Surprisingly enough one of the early ones, who - apparently - contributed quite a bit to that body of knowledge and as Herman Potocnik Noordung from Slovenia.
Some years ago a museum celebrating his work specifically and space travel more generally was opened close to the ski resort of Rogla in Slovenia (a good hour’s drive from the capital Ljubljana).
I had the opportunity to visit it some time ago but seem to have forgotten all about it - small children in the household don’t aid short term memory 😂
Here a couple of pictures:
Starting with medieval theoreticians…

Continuing with the Herschel’s from the 18th and 19th century…

Getting to Potocnik eventually…
Including his seminal piece of work, ‘The Problem of Space Travel’…

They even had the first translation into Russian from 1935 on display. There seems to have been interest from the Soviet Union as well, even though the influence was heavier on the German space research - Potocnik was a contemporary of Wernher Von Braun’s professors - i.e. the latter influence on the US space program came primarily via that route.

Other contemporaries are covered quite extensively, too.

One of those professors of von Braun 😊

And then the other side…
They also have lots of exhibits of his ideas of habitation in space.
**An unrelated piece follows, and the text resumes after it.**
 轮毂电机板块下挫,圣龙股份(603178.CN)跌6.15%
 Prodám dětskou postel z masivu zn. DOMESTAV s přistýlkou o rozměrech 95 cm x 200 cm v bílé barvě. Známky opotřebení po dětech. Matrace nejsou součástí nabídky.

Including using a centrifugal force for limited gravity generation.

And models of space stations…

Here an original drawing of a geostationary space station…
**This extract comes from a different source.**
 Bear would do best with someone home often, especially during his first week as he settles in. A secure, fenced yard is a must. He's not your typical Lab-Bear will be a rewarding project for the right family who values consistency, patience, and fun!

Outside there are some statues of a handful of people instrumental in space theory development…
From what I understood, the statues have been donated, so there will probably be more to come over the years.
The museum is not large but without cranky children you can easily spend two or so hours inside and there is probably quite some new stuff that you might not have been aware of, so I can definitely recommend the detour to go visit.